Miniature high speed label-free cell analysis systems have yet to be developed, but have the potential to deliver fast, inexpensive and simple full blood cell analysis systems that could be used routinely in clinical practice. We demonstrate a microfluidic single cell impedance cytometer that performs a white blood cell differential count. The device consists of a microfluidic chip with micro-electrodes that measure the impedance of single cells at two frequencies. Human blood, treated with saponin/formic acid to lyse erythrocytes, flows through the device and a complete blood count is performed in a few minutes. Verification of cell dielectric parameters was performed by simultaneously measuring fluorescence from CD antibody-conjugated cells. This enabled direct correlation of impedance signals from individual cells with phenotype. Tests with patient samples showed 95% correlation against commercial (optical/Coulter) blood analysis equipment, demonstrating the potential clinical utility of the impedance microcytometer for a point-of-care blood analysis system.

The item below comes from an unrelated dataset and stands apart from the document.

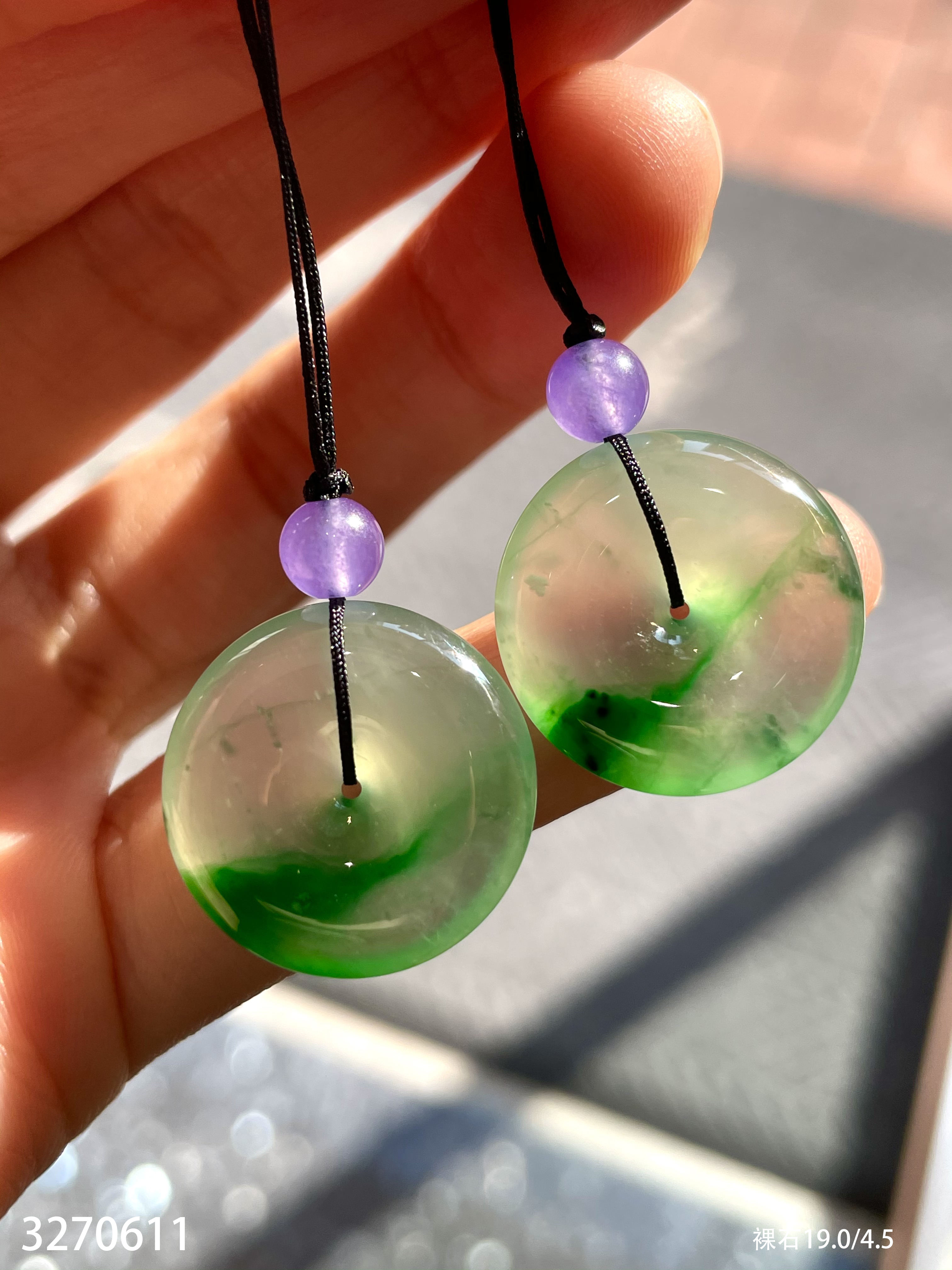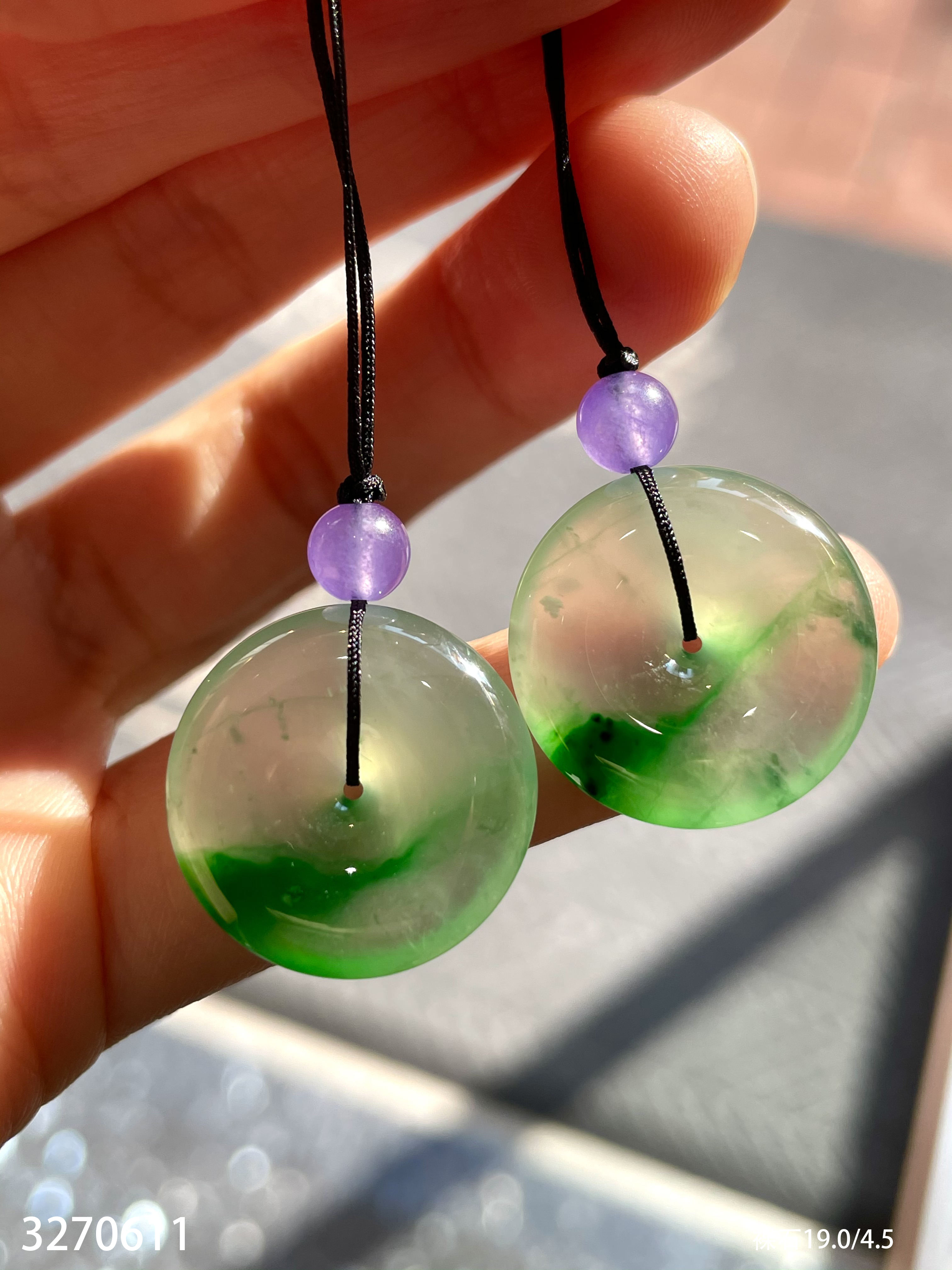 玻璃种飘翠平安扣一对【3270611】具体价格微信咨询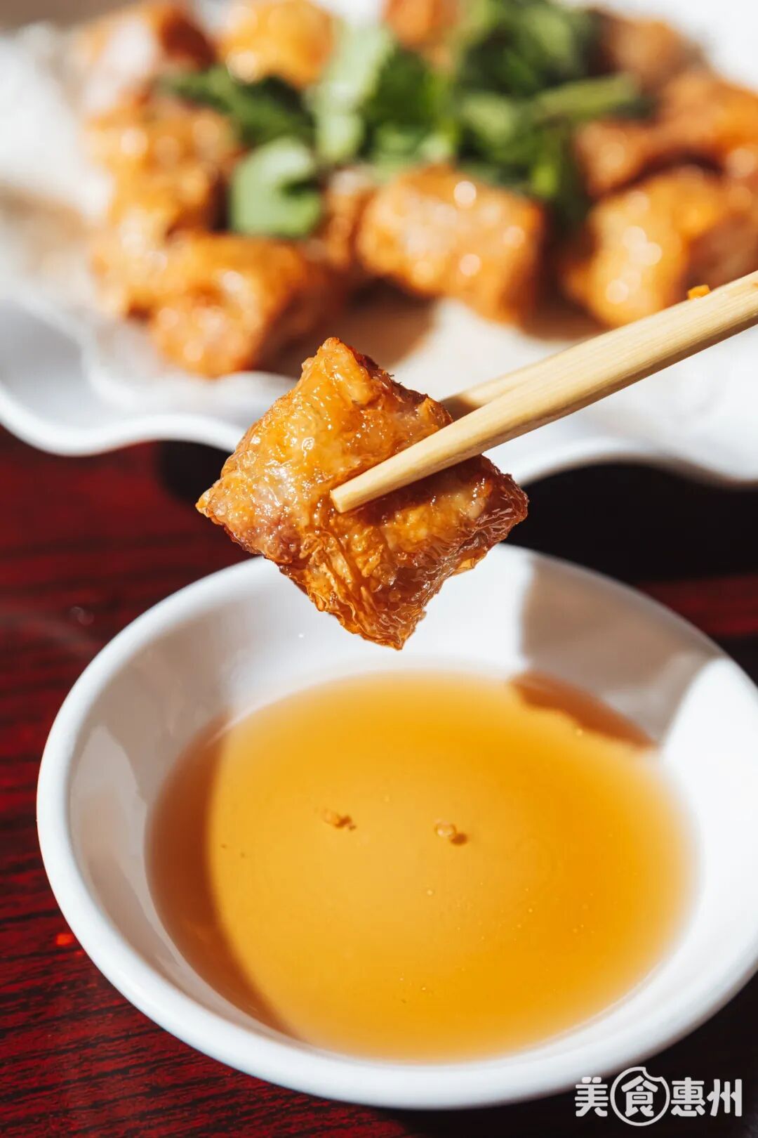 用腐皮、肉沫、马蹄为主要制作食材做成的炸粿肉,一个刚好入口,咬开炸的酥脆的腐皮,内里的肉馅多汁细嫩,还有清爽的马蹄碎越嚼越香。

Microfluidics – a set of technologies that control the flow of minute amounts of liquids – are incorporated inside the chip and measure a number of different cells in the blood. Tiny electrodes in a channel measure the electrical properties of each blood cell as the blood cells flow through the device. Each blood cell type is identified and counted. This allows the surgery team to identify and diagnose the presence of various diseases. The system recognizes the three main types of white blood cells: T lymphocytes, monocytes and neutrophils more rapidly and less expensively than other available methods.

‘At the moment if an individual goes to the doctor complaining of feeling unwell, a blood test will be taken which will need to be sent away to the lab while the patient awaits the results,’ said Professor Morgan. ‘Our new prototype device may allow point of care cell analysis which aids the GP in diagnosing acute diseases while the patient is with the GP, so a treatment strategy may be devised immediately. Our method provides more control and accuracy than that what is currently on the market for GP testing.

Getting the device to do the same with red blood cells and platelet count is next for the research team. The device is targeted to be handheld and cost in the range of $1,500 to $2,000 US. The devices would utilize a disposable chip costing a few dollars each. A new facility called the Southampton Nanofabrication Centre opens on 9 September 2009 to make the devices.